Longtime readers will remember the saga of Robert Novak, owner of Long Island-based Pets Warehouse, who first sued hobbyists who criticized his business and then went on to sue a lengthy list of online entities that seemed to have lent aid and comfort to his opponents (see Oct. 4-6, May 27, and May 22, 2002 and links from there; letter from Novak to this site, Aug. 10, 2001). This summer, Novak declared bankruptcy and he recently lost the rights to the PetsWarehouse.com domain which was purchased by one of his adversaries and presently serves as a voluminous guide to the status of Novak’s various lawsuits, many of which continue to rage unabated. See also Lisa Napoli, “Freedom of Gurgle in the Fish Tank” (opinion piece), MSNBC, Apr. 4, 2002 (& see update Dec. 28). Further update Oct. 16, 2004: Novak prevails in Alabama case and regains control of domain.

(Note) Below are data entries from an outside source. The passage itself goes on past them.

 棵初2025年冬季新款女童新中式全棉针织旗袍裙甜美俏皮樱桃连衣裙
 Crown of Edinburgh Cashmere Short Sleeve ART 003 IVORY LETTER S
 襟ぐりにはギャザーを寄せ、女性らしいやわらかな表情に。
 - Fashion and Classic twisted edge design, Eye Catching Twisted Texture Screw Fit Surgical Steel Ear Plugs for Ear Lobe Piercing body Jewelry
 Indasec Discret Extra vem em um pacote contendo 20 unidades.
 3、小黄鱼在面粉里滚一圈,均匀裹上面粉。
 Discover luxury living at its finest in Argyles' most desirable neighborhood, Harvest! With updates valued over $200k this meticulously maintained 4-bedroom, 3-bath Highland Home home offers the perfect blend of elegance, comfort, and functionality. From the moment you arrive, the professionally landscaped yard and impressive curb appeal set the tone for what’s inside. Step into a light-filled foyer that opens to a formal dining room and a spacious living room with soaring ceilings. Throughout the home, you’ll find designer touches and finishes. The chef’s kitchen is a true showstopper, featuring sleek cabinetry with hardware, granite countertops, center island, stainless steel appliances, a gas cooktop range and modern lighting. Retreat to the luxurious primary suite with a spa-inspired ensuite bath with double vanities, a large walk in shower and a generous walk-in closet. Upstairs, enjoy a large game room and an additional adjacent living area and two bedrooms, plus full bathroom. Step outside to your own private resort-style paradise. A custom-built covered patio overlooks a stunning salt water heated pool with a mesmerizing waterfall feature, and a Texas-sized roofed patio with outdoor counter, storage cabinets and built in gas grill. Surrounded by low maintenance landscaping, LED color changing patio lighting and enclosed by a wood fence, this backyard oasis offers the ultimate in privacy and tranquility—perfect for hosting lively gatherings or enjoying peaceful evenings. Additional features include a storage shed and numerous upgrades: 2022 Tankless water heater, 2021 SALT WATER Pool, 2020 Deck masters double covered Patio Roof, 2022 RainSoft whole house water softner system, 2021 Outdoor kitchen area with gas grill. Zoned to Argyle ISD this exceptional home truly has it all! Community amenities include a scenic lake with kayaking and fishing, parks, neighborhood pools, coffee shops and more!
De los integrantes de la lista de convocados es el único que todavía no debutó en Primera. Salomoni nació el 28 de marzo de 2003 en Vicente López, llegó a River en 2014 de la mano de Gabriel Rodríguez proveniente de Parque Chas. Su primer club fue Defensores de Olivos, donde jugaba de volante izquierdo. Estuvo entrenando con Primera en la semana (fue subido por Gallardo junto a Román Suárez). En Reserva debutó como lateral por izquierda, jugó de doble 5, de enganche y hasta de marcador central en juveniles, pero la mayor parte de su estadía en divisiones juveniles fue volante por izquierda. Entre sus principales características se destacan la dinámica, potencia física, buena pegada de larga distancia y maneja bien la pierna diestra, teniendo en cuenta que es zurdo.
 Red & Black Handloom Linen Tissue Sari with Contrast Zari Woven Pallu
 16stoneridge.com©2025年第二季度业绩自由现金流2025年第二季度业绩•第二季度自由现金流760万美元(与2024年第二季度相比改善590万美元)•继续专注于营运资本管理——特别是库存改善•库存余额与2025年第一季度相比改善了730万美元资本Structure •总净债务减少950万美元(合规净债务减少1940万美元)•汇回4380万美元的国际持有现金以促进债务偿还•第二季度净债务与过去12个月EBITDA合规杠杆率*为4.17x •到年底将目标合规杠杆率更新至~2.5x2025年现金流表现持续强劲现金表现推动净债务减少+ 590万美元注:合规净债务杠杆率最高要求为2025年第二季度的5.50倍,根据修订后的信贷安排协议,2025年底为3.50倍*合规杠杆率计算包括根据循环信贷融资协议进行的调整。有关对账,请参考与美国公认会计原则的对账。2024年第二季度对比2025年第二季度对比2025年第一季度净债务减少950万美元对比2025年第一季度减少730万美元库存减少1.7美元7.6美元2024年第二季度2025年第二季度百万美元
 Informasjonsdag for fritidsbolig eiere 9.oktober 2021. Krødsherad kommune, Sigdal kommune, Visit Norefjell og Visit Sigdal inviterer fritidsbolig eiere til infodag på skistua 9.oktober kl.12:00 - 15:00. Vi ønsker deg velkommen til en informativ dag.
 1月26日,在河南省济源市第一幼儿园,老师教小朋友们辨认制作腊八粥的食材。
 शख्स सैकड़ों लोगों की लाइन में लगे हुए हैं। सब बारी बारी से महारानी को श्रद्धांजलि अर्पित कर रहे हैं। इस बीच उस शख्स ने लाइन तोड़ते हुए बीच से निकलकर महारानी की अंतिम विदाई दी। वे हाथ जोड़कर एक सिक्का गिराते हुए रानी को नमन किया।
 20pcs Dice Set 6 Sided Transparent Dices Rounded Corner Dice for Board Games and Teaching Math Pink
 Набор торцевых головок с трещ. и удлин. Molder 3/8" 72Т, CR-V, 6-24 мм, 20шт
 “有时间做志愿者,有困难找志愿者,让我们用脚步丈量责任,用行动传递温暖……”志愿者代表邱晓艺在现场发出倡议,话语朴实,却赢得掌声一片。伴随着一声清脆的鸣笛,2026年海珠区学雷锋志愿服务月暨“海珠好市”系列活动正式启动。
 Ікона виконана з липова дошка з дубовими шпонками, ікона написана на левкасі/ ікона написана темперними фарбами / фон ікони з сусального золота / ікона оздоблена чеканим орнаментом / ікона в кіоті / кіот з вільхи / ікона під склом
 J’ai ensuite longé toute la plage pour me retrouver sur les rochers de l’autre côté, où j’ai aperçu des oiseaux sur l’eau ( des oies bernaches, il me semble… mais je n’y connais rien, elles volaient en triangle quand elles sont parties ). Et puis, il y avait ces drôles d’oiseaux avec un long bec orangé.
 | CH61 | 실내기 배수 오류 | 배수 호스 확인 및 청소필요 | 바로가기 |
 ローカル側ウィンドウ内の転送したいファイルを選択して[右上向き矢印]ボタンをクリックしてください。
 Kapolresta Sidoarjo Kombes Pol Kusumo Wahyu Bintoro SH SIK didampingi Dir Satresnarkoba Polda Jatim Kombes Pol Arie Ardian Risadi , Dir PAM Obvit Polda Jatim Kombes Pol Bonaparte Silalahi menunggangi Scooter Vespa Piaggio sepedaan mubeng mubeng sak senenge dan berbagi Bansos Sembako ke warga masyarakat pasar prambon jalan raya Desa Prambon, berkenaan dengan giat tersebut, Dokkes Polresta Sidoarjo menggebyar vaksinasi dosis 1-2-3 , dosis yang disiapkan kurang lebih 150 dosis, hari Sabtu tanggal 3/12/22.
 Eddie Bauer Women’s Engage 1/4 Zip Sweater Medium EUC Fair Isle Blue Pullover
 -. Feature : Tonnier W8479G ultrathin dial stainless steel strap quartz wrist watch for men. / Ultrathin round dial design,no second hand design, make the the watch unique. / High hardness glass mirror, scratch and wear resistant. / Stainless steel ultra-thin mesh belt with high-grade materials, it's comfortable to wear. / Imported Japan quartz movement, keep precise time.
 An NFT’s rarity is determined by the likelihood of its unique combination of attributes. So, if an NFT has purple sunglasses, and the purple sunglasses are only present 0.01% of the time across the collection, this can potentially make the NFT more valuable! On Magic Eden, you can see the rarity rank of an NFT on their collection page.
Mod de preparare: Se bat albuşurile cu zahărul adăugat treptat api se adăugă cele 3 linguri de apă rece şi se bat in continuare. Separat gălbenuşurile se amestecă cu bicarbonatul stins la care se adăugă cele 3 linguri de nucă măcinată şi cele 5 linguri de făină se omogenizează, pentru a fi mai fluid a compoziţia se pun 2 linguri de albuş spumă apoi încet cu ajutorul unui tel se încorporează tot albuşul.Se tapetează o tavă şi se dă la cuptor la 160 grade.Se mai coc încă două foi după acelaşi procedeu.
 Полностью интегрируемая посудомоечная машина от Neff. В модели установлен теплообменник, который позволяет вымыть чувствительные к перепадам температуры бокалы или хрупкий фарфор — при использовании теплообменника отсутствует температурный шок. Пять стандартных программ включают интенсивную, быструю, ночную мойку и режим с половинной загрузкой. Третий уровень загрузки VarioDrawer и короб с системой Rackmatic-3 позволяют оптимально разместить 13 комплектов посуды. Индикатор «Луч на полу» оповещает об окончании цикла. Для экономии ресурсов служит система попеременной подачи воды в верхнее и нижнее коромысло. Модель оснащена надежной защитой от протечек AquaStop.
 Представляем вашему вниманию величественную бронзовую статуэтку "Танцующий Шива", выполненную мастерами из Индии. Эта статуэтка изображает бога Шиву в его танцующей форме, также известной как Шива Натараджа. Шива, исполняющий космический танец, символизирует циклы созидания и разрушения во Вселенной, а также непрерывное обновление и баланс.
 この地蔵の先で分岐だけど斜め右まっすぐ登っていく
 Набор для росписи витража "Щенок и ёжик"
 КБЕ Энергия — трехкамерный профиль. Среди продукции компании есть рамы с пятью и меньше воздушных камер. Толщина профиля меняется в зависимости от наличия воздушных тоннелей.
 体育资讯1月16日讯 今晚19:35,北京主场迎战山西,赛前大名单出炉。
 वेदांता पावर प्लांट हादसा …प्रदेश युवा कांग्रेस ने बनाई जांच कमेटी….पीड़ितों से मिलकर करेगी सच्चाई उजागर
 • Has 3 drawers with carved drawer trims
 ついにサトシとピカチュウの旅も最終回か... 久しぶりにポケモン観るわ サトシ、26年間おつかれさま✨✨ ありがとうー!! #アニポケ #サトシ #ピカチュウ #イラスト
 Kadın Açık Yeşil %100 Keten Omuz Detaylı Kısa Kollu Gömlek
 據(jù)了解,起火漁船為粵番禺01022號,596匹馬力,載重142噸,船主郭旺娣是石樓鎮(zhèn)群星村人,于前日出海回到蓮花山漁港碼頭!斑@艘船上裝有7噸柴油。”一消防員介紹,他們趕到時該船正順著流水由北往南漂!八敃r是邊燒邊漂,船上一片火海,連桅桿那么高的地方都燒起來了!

Update: Missouri tobacco fees

The Missouri Supreme Court has refused to entertain a legal challenge to the $111-million fee bonanza awarded to private attorneys who represented the state in its relatively late tagalong lawsuit against the tobacco industry. The St. Louis Post-Dispatch had decried the fee award as a “political gravy train” which “grossly overpays the lawyers involved”, who had plenty of friends in high places in Missouri politics (see our coverage of Sept. 21, 2000 and Jun. 5, 2001). (“Court turns down appeal of tobacco attorney fees”, AP/Jefferson City News Tribune, Oct. 2) (via Lori Patel, Law.com). Ethical Esq.? (Oct. 3) comments on the case, citing a pertinent passage from the Missouri Rules of Professional Conduct, as well as our previous coverage.

Mother leaves daughter unattended, collects $2 million

In 1992, Shelly Moore, against Texas law, left her infant daughter Shannon unattended in a car. “In a deposition in 1996, Moore acknowledged that she had been using a faulty lighter that at times continued to flame after she lighted a cigarette and had to be blown out. Several witnesses testified in depositions that Moore told them she thought she had lighted a cigarette as she left the car, then absent-mindedly tossed the lighter on the seat.” The car burst into flames, and Shannon was horrifically burned, eventually losing all of her fingers and her hearing.

Moore and her daughter moved to Johnson County, Texas, a notoriously plaintiff-friendly region, and Shannon sued…Philip Morris, who made the Marlboro 100s Shelly smoked. (Shannon named her mother as a codefendant; where one named plaintiff and one named defendant are citizens of the same state, a defendant is unable to remove the case to federal court on diversity jurisdictional grounds.) The claim was that a smoldering cigarette caused a fire, and Shannon’s injuries were the tobacco company’s fault for failing to design a cigarette that would not stop burning. Rather than risk putting the case in front of a jury that would be exposed to photos of Shannon’s terrible burns, Philip Morris settled for $2 million. Fifteen previous cases alleging product liability over cigarette fires had been dismissed before trial. (Myron Levin, “Tobacco Giant, in a Shift, Pays Victim”, L.A. Times, Oct. 2). More on case: J. R. Labbe, “Somebody has to pay”, Fort Worth Star-Telegram, Oct. 5.